The school is also considering additional protocols for AI use in a security context, Whyte said. 

“The department values holding ourselves to a higher standard within the industry of public safety,” she told Bridge. “When creating new policies, we want to make sure that we are keeping community feedback and recommendations in mind, in order to create a more inclusive and safe campus, not only physically, but mentally and emotionally as well. "

‘World class security’

As of March, MSU had spent $2.2 million on the software and equipment upgrades since last year, $168,000 to renovate the Security Operations Center and $1.5 million for new security cameras, university spokesperson Emily Guerrant told Bridge.
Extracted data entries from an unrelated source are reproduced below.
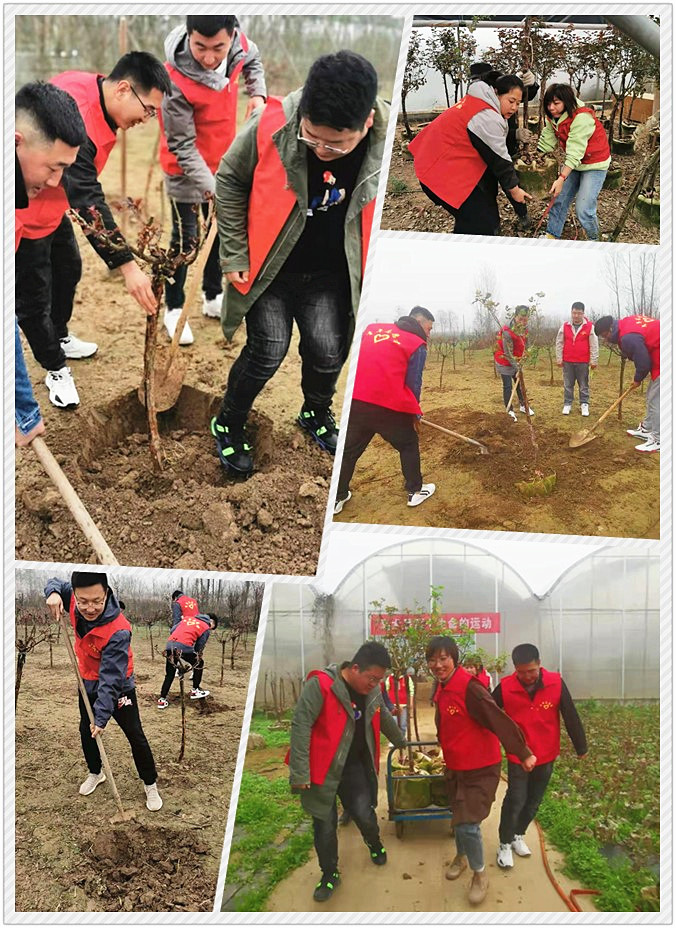 為了給孤兒們創造更美好的環境,志愿者們決定在基地的空地,為孤兒們種下了一園月季樹。當天,志愿者們齊心協力,分工明確,你挖坑,我扶樹,你埋土,我踩實……在春日中孕育出一片美麗的希望。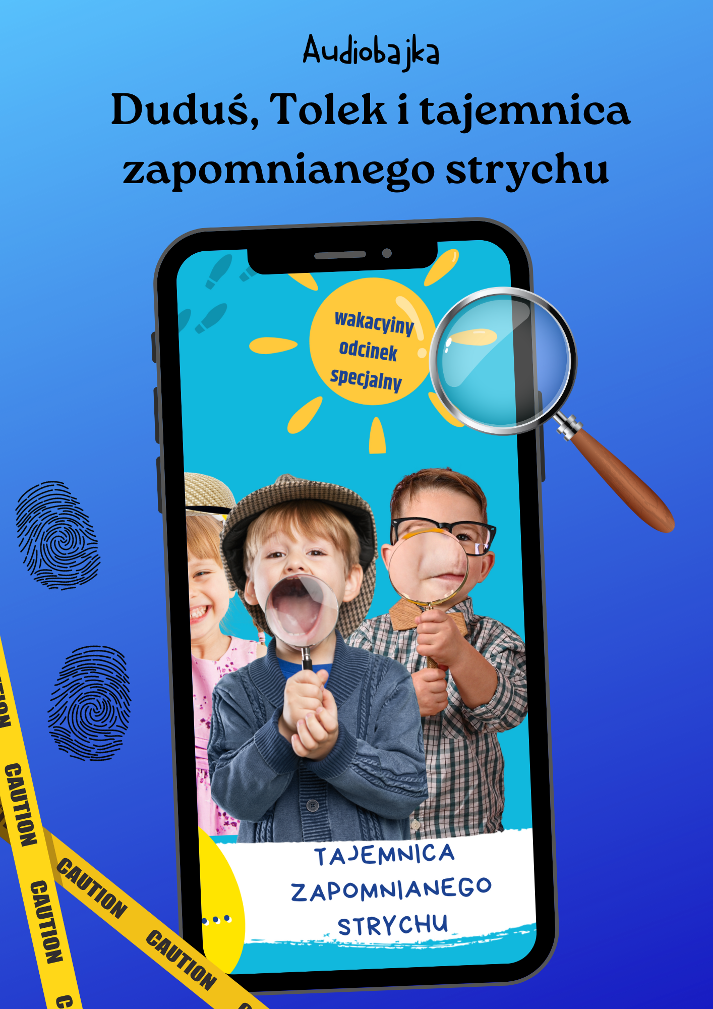 Duduś i Tolek wyjeżdżają z rodzicami na wakacje nad morze. Pewnego poranka, Dudusia wybudza ze snu… dziwne skrzypnięcie drzwi, które nie pochodzi z pokoju żadnego z domowników! Skąd się wzięło? Skąd dochodzą te dziwne odgłosy, których jest coraz więcej? Kolejna zagadka do rozwiązania staje na drodze dwóch pięcioletnich detektywów. To będzie jednak zupełnie inna sprawa do rozwiązania! Będzie wymagała niezłego główkowania, a nawet poszukiwania starej mapy zapomnianego strychu, na ktorym… no właśnie, co tam się wydarzy?Dwaj detektywi nie będą jednak sami! Niespodziewanie podczas rozwiązywania sprawy spotkają… Lucynę, która dołączy do ich Agencji Detektywistycznej i razem stawią czoła niezwykle tajemniczej sprawie starego, zapomnianego strychu.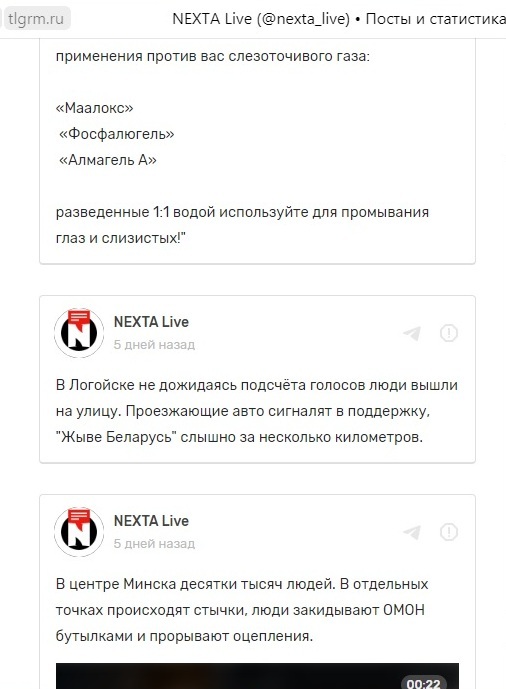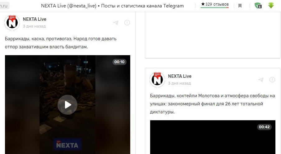 Скриншот страницы канала NEXTA Live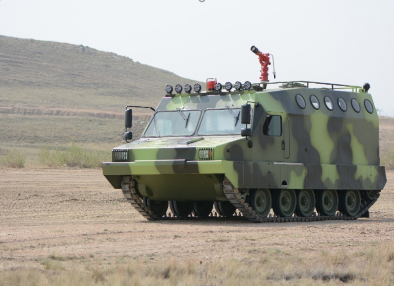 履带式森林消防运兵车是内蒙古一机集团针对森林消防特殊环境研制开发的特种消防运兵车,可轻易撞倒胸径10cm粗的灌木丛林,能够确保在森林行驶过程中车内人员的绝对安全;车辆通过性强,越壕沟宽达1.5m,可通过水深约1m的河流和泥泞沼泽等复杂地形;车辆装载能力强,可承载17名消防人员,同时在车内和车辆上方设置载物空间,可在森林消防任务中起到装载消防灭火装备、给养供给等重要作用。

As announced in the wake of last year’s shooting, MSU is also working to install locks on all classroom doors and had spent $1.2 million on that effort through the end of the year, with plans to spend up to $3.5 million more, Guerrant said.

The university has also spent about $11,000 to expand active violence training sessions through online courses. Those are now optional after the university backed off an initial pledge to make them mandatory for all students and staff.

MSU hired Moss Audio for the security system overhaul over several other bidders, including i2G of Plymouth, People Driven Technologies of Byron Center, Presidio of Grand Rapids and Milestone Systems of Minnesota. 

In its winning bid, Moss said it would work with Genetec to deliver a "world class security platform" for the university.

The Grand Rapids-based firm, which employs about 110 people, cited its previous work on similar video system transitions in Wayne-Westland schools and Gun Lake Casino, along with additional projects for Grosse Pointe schools and the cities of Ludington, Royal Oak and Kalamazoo.

Moss also promised free certification training on the Genetec security software system for 10 MSU employees, at a cost of $3,500 per day, calling it proof "we are committed for the long haul."

A consulting firm hired by MSU last year to assess campus security in the wake of the shooting recommended the university consider using AI video surveillance to "enhance your ability to identify abandoned packages, large groups, and high activity in unusual areas at inappropriate times."

MSU security live monitoring
An example of “live monitoring” that will be capable under MSU’s new video surveillance system (Michigan State University records)

AI video technology is "an excellent tool for use by investigators" and could also be used to protect "cultural property" on campus, such as public art and museum collections," the firm, Security Risk Management Consultants, of Ohio, wrote in an October report

The report called for more security cameras on campus, new classroom locks and new policies to make it easier to lockdown university buildings, among other changes that MSU was already planning to make. 

The firm suggested MSU create a "video retention policy" and agree on a "video surveillance philosophy."  The university is currently working to finalize a video security systems policy, Whyte said this week.  

MSU should also have protocols and policies for who can access the footage, how long the footage is stored and when that footage can be shared with outside entities, said Ackerman, the U-M technology expert. 

While universities and other institutions are increasingly using AI to improve security, human review remains important, said Kentaro Toyama, a U-M professor who studies digital technologies' limitations.

Police, he warned, can become “so used to relying on the AI that they stop being critical about whatever information they are being fed by it.”